Peccato che per Omar e per gli altri questo non sia possibile. Perché se non firmerà entro il 2 novembre, dal giorno successivo non potrà più consegnare: il suo contratto non sarà più “conforme alla legge”. L’opinione di Omar è condivisa tra i ciclofattorini del food delivery da Napoli a Milano, da Roma a Firenze. Si stanno vedendo recapitare la lettera-ricatto con cui la multinazionale aderente ad Assodelivery, che ha siglato l’accordo pirata con l’Ugl, dice nella sostanza “o mangi questa minestra o verrai licenziato”. E sono preoccupati. L’elenco delle cose che non vanno è lungo e forse anche difficile da spiegare.
Ma loro, i rider, simbolo dello sfruttamento, equiparati agli schiavi della moderna gig economy, non sanno che cosa fare: firmare e quindi sottostare a queste condizioni se possibile peggiorative? Oppure non cedere ed essere così esclusi da tutte le piattaforme della consegna a domicilio? L’alternativa la sta creando il sindacato. La Cgil, insieme alle categorie Nidil, Filt e Filcams, ha messo in campo una mobilitazione in tutte le città. “Andiamo per le strade per informare i lavoratori, raccogliere istanze e preoccupazioni – spiega Silvia Simoncini, segretaria nazionale Nidil Cgil -. Stiamo registrando un grande malumore, per l’accordo sottoscritto dall’’Ugl che non li rappresenta, e per le lettere che a scaglioni stanno ricevendo. Vogliamo costruire un’azione sindacale collettiva per affermare diritti e tutele”.

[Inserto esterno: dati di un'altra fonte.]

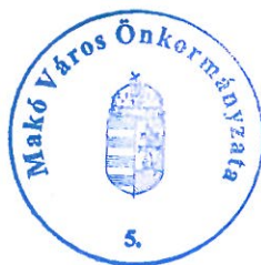
Farkas Éva Erzsébet polgármester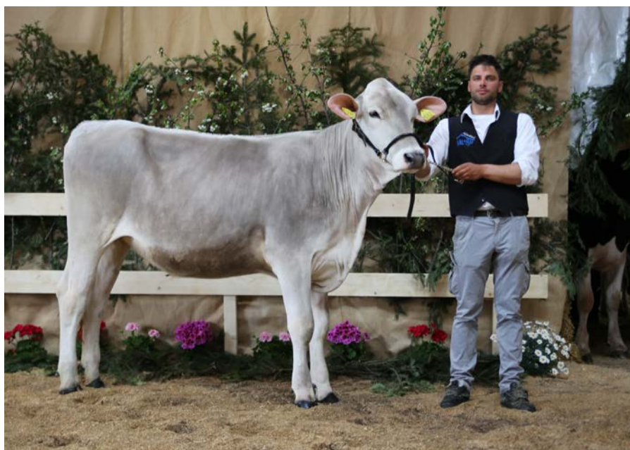
Riserva delle manze brune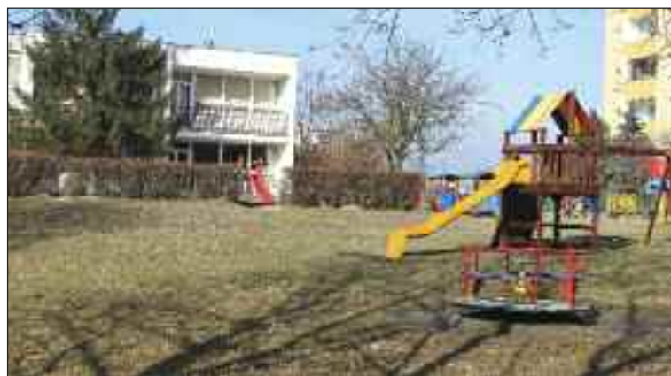
Materská škola Galbavého sa venuje životnému prostrediu.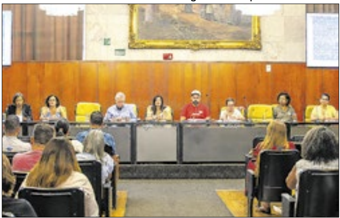
Evento reuniu comunidade escolar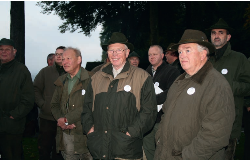
Beste Laune am frühen Morgen!!!!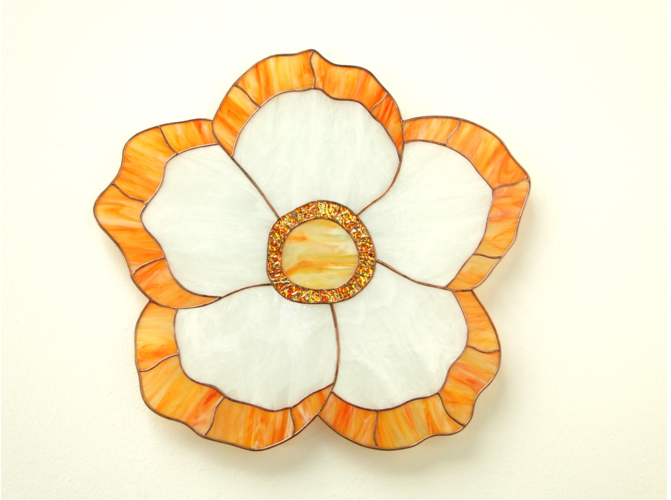
Raumgestaltung "Flora" im Original ca. 65 x 60 cm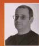
Автор-текста Денис Горелов

Франция любила своих жуанков. Их слава Мольер и иерарх Бельмондо. Италия тоже любила жуанков. Им посвящена литература Возрождения и большой кусок творчества Челентано. Русская пуговчатая традиция много моложе — зато мы изобрели интеллигентного вора, а вернее, ворующего интеллигента Дяточкина. Жуанк с Шекспиром, жуанк-бесребренник — в этом был привкус хорошего христианского безумия, за который мир всегда ценит русскую литературу. Оценки и Дяточкина. В перечне лучших продаж на зарубеж «Берегись автомобиля» пропустила вперед себя только «Анну Каренину» и «Войну и мир». За Толстым будете, Юрий Иванович.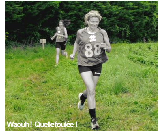
Waouh ! Quelle foulée !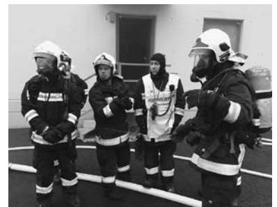
Heißbrandausbildung in neuer Übungsanlage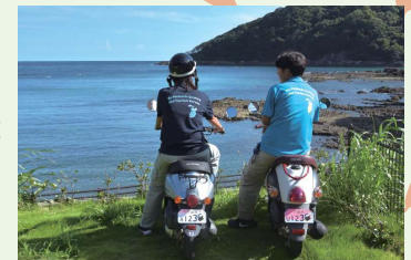
(見本用のナンバープレートを使用しています)

ご当地ナンバーで、下田を走ってみませんか? ゆるキャラ「ペるりん」をモチーフに、美しい下田の海をイメージしたご当地ナンバープレートを交付しています! 新規登録はもちろん、既存のナンバープレートからの交換も無料です! 詳しくは、市ホームページをご参照いただくか、税務課(☎ 22-2218 内線 283)までご連絡ください。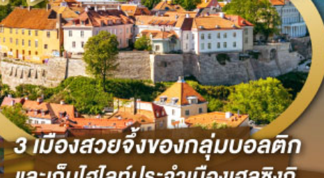
3 เมืองสวยจิ้งของกลุ่มบอลติก และเก็บไฮไลท์ประจำเมืองเฮลซิงกิ และล่องเรือเฟอร์รี่ข้ามประเทศ

ไฮไลท์ในโปรแกรม • เที่ยวสามประเทศหลักกลุ่มบอลติก • ชมเมืองหลวงวิลนิอุส ประเทศลัตเวีย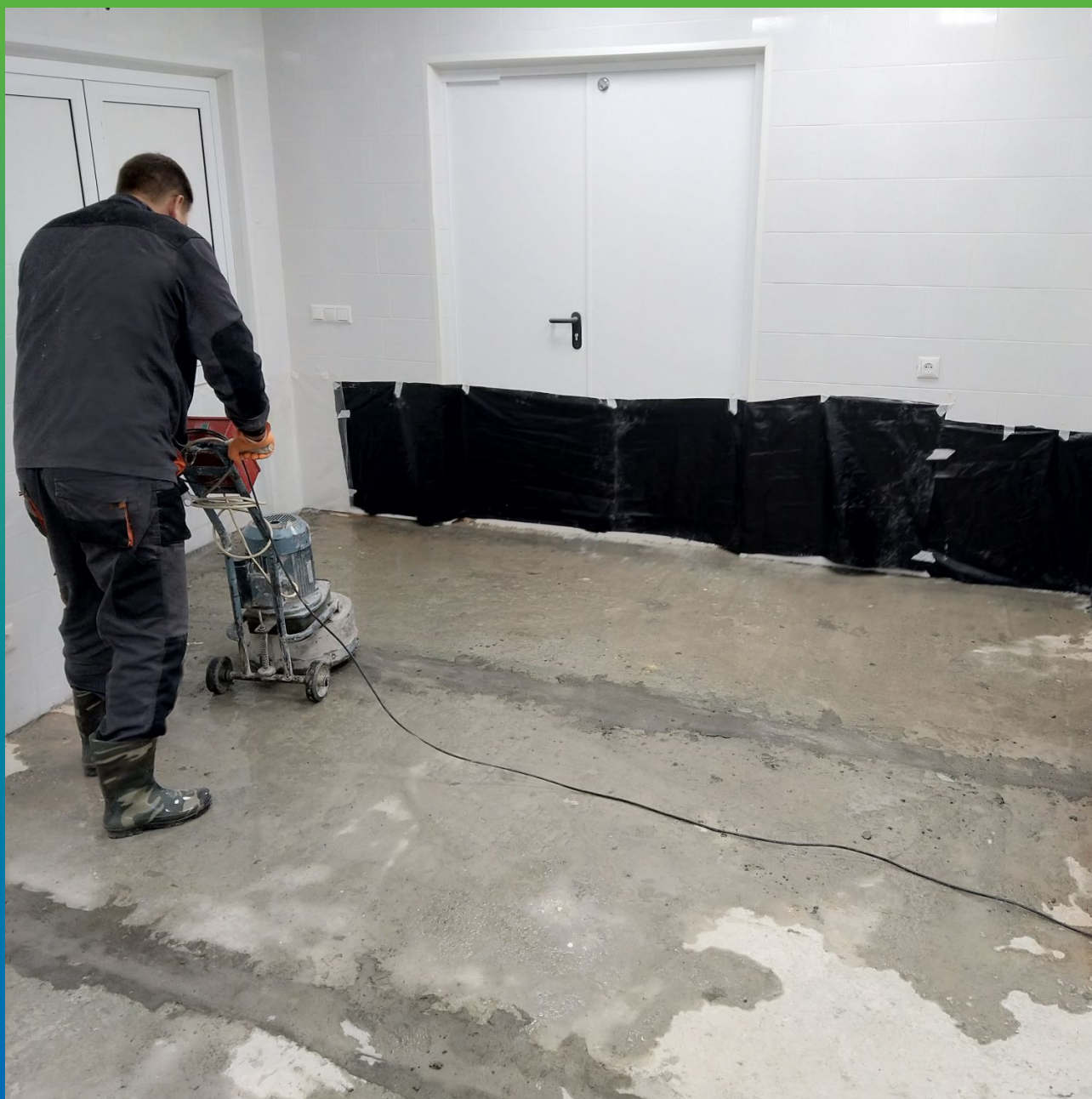
Подготовка поверхности фрезерование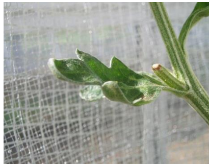
品目：きく 症状：葉の異常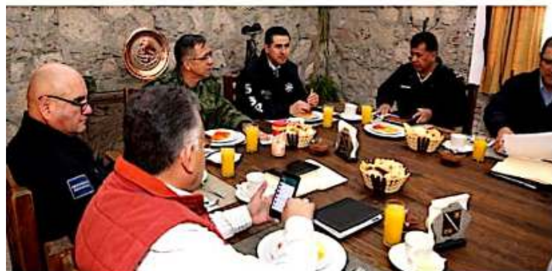
MORELIA, MICH.- La Mesa de Coordinación para la Construcción de la Paz en Michoacán trabajará en un esquema conjunto que contribuya a incentivar al personal.

De este modo, fue como ayer se llevó a cabo la invitación para estudiantes de nivel medio superior a participar en Expo Universitaria 2020, que tendrá verificativo el 20 de febrero en las instalaciones de la Feria Michoacán; "habrá más de 60 stands y actividades culturales", cerró.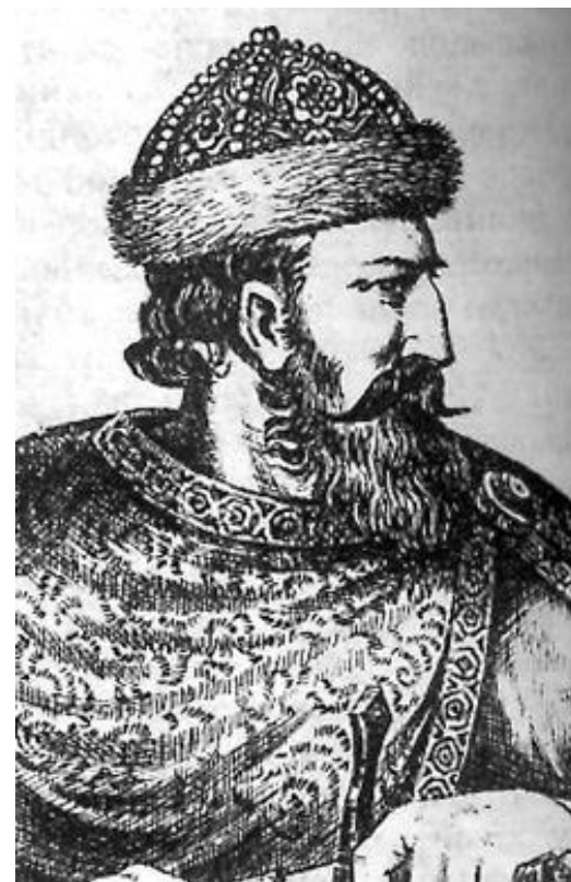
Роман Мстиславович Волынский (1150—1205гг.)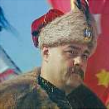
Кадр із кінофільму «Чорна рада»

— Колико-то гробів, а всі ж то тії люде жили на світі й усі пішли на суд перед Бога! Скоро й ми підем, де батьки й діди наші.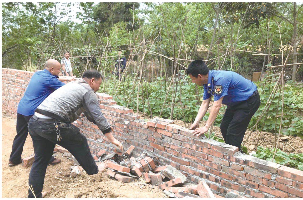
6日,利州区综合行政执法局河西城监中队巡查发现,龙泉社区四组居民抢建建筑物,执法人员现场制止要求其停工,并将墙体拆除。图为拆除现场。

动力装置、三轮车加装动力装置等违反交通规则行为的同时,大力开展突出违法车辆、典型事故案例、事故多发路段、高危风险运输企业和终身禁驾驾驶人“五大曝光”行动,加大对城乡建筑用料和废料运输车、渣土砂石运输车、混凝土运输车、货车超载超限、遗洒飘散载运物等重点车辆交通违法行为的查处力度,集中警力对二轮电动车安装遮阳伞、挡雨篷的予以拆除。召集快递、外卖企业负责人,针对骑手常见的违法行为进行宣教引导。联合快递、外卖企业,与企业管理人员一起上路,开展路面监管。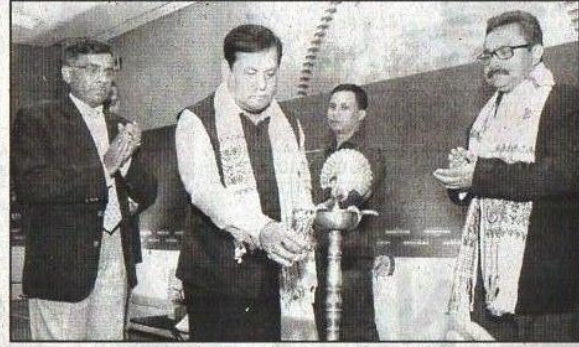
दीप जलाकर मेले का शुभारंभ करते मुख्यमंत्री सर्वानंद सोनोवाल।

मध्यम उपक्रमों के प्रतिनिधियों को भी सम्मानित किया जो एनएसई के मंचों पर सूचीबद्ध हैं। इस मौके पर असम के मुख्यमंत्री सर्वानंद सोनोवाल ने कहा कि मुझे बहुत खुशी हो रही है कि नेशनल स्टॉक एक्सचेंज जो इन्डिविडुअल पूंजी बाजार में स्थापित नाम है और निवेशक तथा पूंजी बाजार के बीच प्रभावशाली अंतरफलक है, गुवाहाटी में इस पहले निवेशक मेले का आयोजन कर रहा है। मुझे भरोसा है कि एनएसई निवेशक मेला इस पू-भाग के निवेशकों के लिए सूचना के चैनल का काम करेगा और वित्तीय ज्ञान मुहैया कराएगा। उन्होंने यह भी कहा कि हमे उम्मीद है कि एनएसई राज्य के अन्य शहरों में भी इस प्रकार के निवेशक मेले का आयोजन करेगा। वहीं दूसरी ओर एनएसई के प्रबंध निदेशक एवं मुख्य कार्यकारी विक्रम लिमये ने कहा कि इस निवेश मेले के आयोजन का मूल लक्ष्य है स्थानीय लघु एवं मध्यम उपक्रमों को एक्सचेंज में सूचीबद्धता के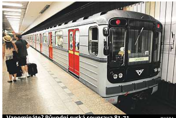
Vzpomínáte? Původní ruská souprava 81-71.

Dopravní podnik oslaví výročí stylově. V sobotu při této příležitosti opět vypraví do provozu původní historickou sovětskou soupravu 81-71, kvůli černé masce někdy přezdívanou Černá huba. „První jízda soupravy proběhne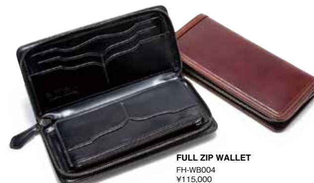
FULL ZIP WALLET FH-WB004 ¥115,000 SIZE:H218×W110mm MATERIAL:CORDOVAN(外装)×多脂革(内装) COLOR:ブラック/ブラウン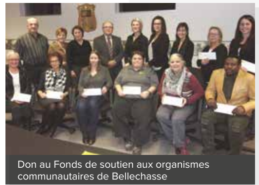
Don au Fonds de soutien aux organismes communautaires de Bellechasse

Enfin, merci à vous, chers membres-assurés, d'être de plus en plus nombreux chaque année à nous faire confiance. En choisissant Promutuel Assurance, vous investissez dans l'économie locale et, par le fait même, dans les valeurs coopératives qui animent une entreprise mutualiste comme la nôtre. Merci de nous permettre, toujours et plus que jamais, d'être là.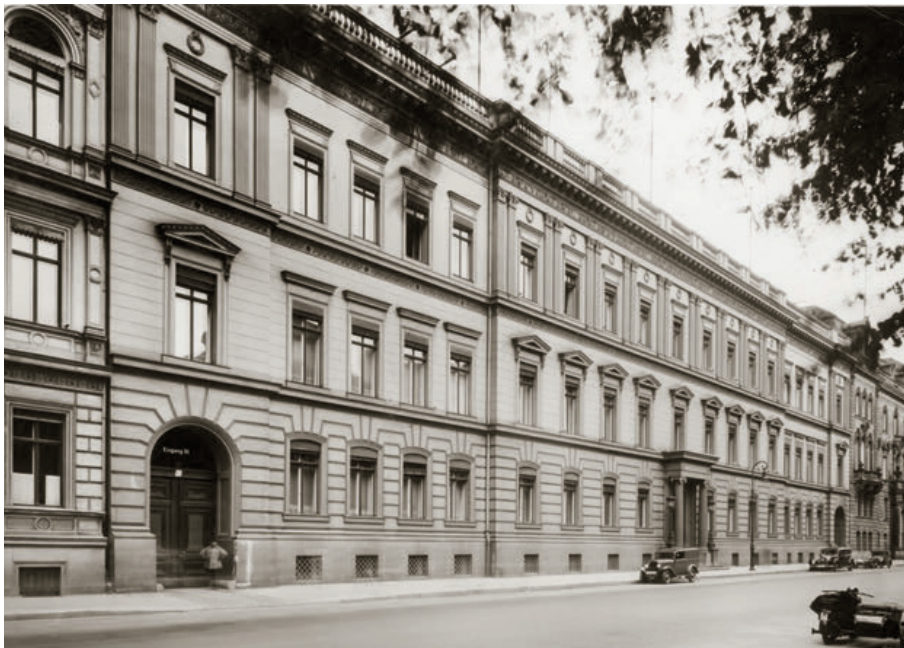
Gebäude des Reichsjustizministeriums in Berlin, 1938

Öffentlichkeit, und wir haben diese Öffentlichkeit immer auch selbst gesucht. Unser Ziel ist es, die Erinnerung dem Vergessen entgegenzusetzen. Natürlich wird es am Ende auch einen Abschlussbericht geben. Das Buch soll 2016 vorliegen. In mehreren Folgebänden werden anschließend in einer eigenen „Rosenburg-Reihe“ einzelne Aspekte weiter vertieft. Wir hoffen,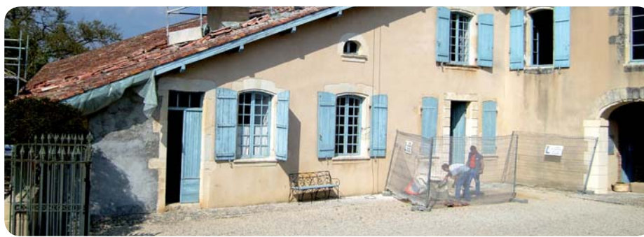
Des travaux pour améliorer les conditions d'accueil des visiteurs.

Plus largement, cette deuxième tranche de travaux dont le coût s'élève à 330 000 euros TTC, sont aussi l'occasion d'améliorer le confort des visiteurs, les conditions d'exposition et de conservation des collections. Ainsi, la rénovation de l'éclairage, l'installation de climatisation ou de chauffage, la pose de garde-corps et de mains courantes seront également réalisées. Au cours de ce chantier, le musée reste accessible au public. Cependant, quelques salles seront parfois fermées : nous comptons donc sur une bienveillante compréhension des visiteurs.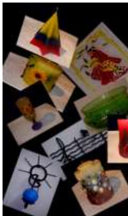
Material entregado por Guagua: Hoja de portafolio de producto Bogotá - Cundinamarca. Marzo 2006.

Expectativa: Evaluación del logo y portafolio de producto. Nota: El nombre del taller artesanal era Decor Anguie.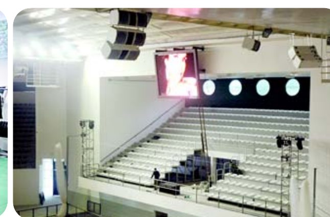
Quadra é dotada de telão, sistemas de som e iluminação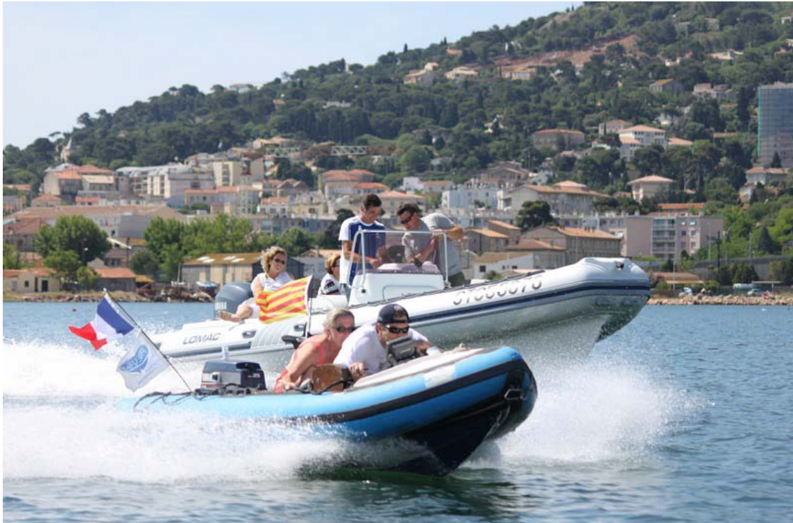
Du gros au petit...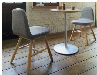
MALUI by PROCEED

丸二金属製作所の店舗、オフィス、飲食店など、対応した業務用家具ブランド PROCEED。今年も新しいカタログが届きました。テーマは Simple Design・Compact Design・Storage Designと三つの切り口で家具を提案。MALUI は名のごとく丸みを帯びたキュートなウッドチェア。どこか懐かしさを感じる丸棒で作った脚部のデザインが印象的。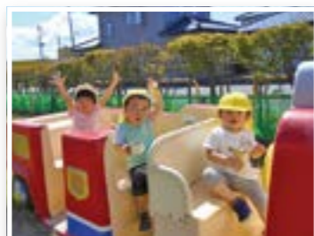
外あそび、だあ〜いすき(1才児)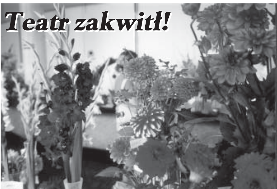
W TZR królowały mieczyki i dalie.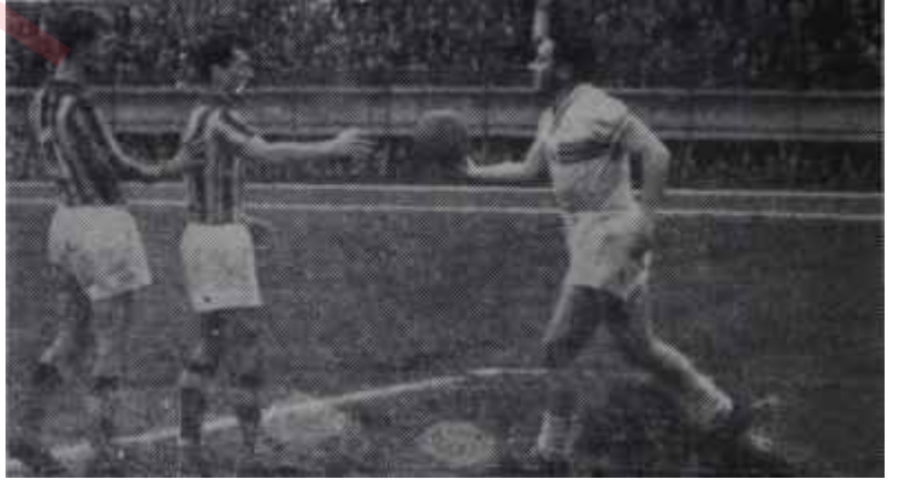
Adalet: 1 — Fenerbahçe: 0 Buyrun bir mağlubiyet

maçlarının birinci devresi nihayetlenecek ve takımların durumları açıkça belli olacaktır. Şimdiki vaziyette bir maçı eksik olmasına rağmen Galatasaray 13 puanla lider durumdadır. Kendisine en yakın olan Fenerbahçeyi bir puan geçmektedir. Üçüncü durumda bulunan Beşiktaşın da bir maçı eksiktir ve 12 puanı vardır. Onun Beyoğlusporu yenmesi normal olur. Fakat Galatasaray'ın Beykoz maniasını aşacağı peşinen söylenemez. Çünkü Sarı-Siyahlı takım son defa İstanbulsporla berabere kalmış olmasına rağmen 11 puana sahiptir ve dördüncü durumdadır. Mevsim içinde kazandığı başarılar ise - büyük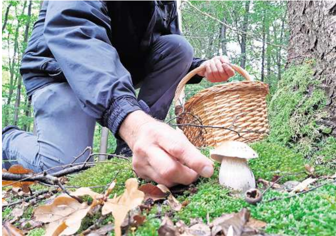
Pilze sammeln kann ein tolles Hobby sein, wenn sich an ein paar Regeln gehalten wird.

Wir möchten Ihre Meinung wissen: Wie stehen Sie zum Pilzsammeln? Ist es etwas für Sie – sammeln Sie Ihre Pilze selbst oder kaufen Sie sie lieber auf dem Markt oder im Supermarkt? Oder mögen Sie Pilze vielleicht gar nicht? Machen Sie mit bei unserer Umfrage. Scannen Sie dazu den QR-Code. Mit ein bisschen Glück gewinnen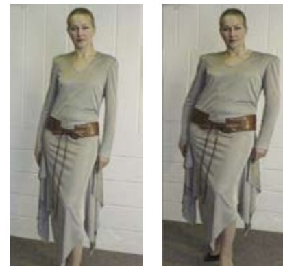
Рис. 1. Вид изделия на манекенщице и на клиенте

Широкие возможности «Грации» позволили поднять на качественно новый уровень выполнение индивидуальных и корпоративных заказов. Подсистема «Индивидуальные и корпоративные заказы» предназначена для создания и ведения базы данных обмеров клиентов, их сортировки и группировки, автоматического перестроения лекал на конкретные фигуры с учетом их размеров и осанки.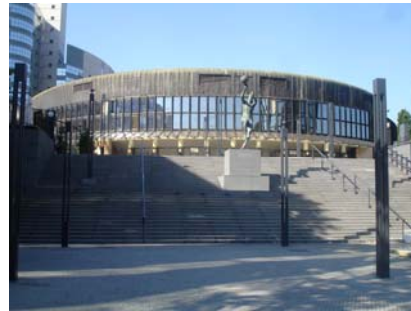
Košarkaški centar „Dražen Petrović“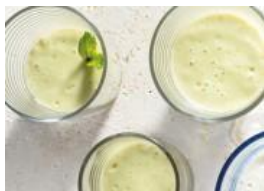
Batido de aguacate marroquí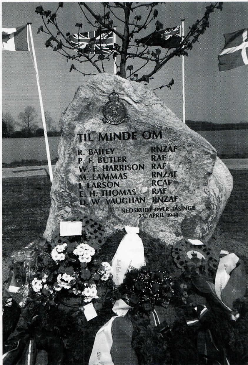
Mindestenen i Vemmenæs.

Vester Skerninge. Har som hobby arbejdet en del med slægtshistorie samt lokalhistorie vedrørende Vester Skerninge, Sydthy, Tåsinge og Langeland. Forfatter til bogen »Tåsinges Bomærker« (Tåsinge Museumsblad 1977), »Vemmenæs 23. april 1944« (Tåsinge Museumsblad 1994), samt artikler i tidligere udgaver af Tåsinge Årbog.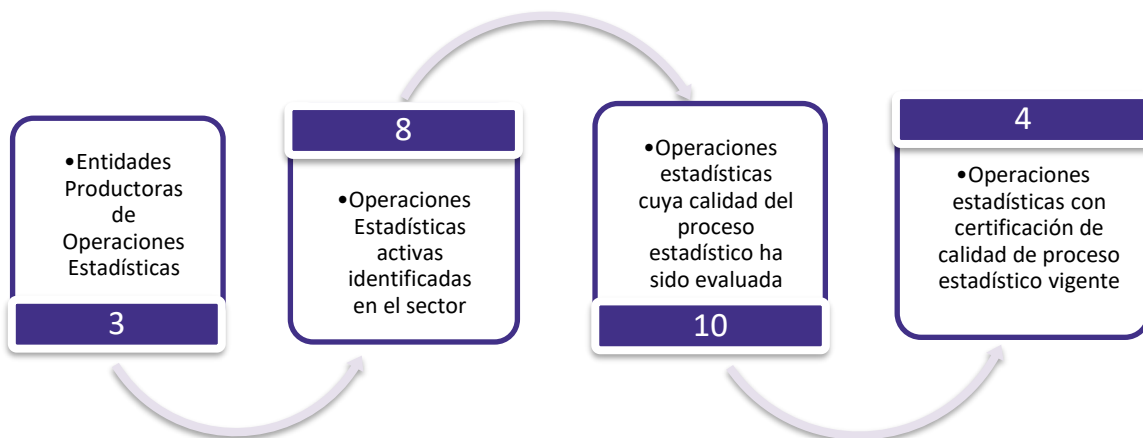
Figura 1. Principales características de la producción de operaciones estadísticas del sector Nivel, Calidad y Condiciones de vida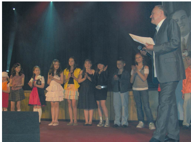
V Europejski Integracyjny Festiwal Piosenki Dziecięcej w Sosnowcu

La partita quindi è ancora aperta, e le multinazionali la stanno giocando sulle spalle di lavoratori che già portano un cassone di 80 per 80 centimetri e che non dovrebbe pesare più di dieci chili. “Purtroppo poi si ritrovano a caricarsi due o tre casse d’acqua, o dieci bottiglie di birra – racconta l’avvocata Giulia Druetta di Torino, che con un’azione collettiva è riuscita a ottenere una sentenza favorevole della Corte di Cassazione (la 1663/2020, contro Foodora) la quale ha stabilito l’applicazione del contratto collettivo della logistica e la subordinazione del rapporto - . Oggi le multinazionali pagano un terzo rispetto a quanto spenderebbero se rispettassero le norme di legge, come fa la maggior parte delle imprese. Inoltre, prendono un numero di lavoratori dieci volte superiore a quello che serve effettivamente. E questo perché non li pagano finché non li impiegano, non pagano un salario base, non pagano i contributi. Il nuovo contratto, che è un autentica truffa, dice di essere collettivo ma regola rapporti con lavoratori autonomi: è un totale controsenso anche da un punto di vista legale. Si è persa la bussola e si rischia di dare il via a un ribaltone. Prima abbiamo avuto Marchionne che ha spostato la produzione ed è uscito da Confindustria per non applicare il contratto collettivo. E ora?”.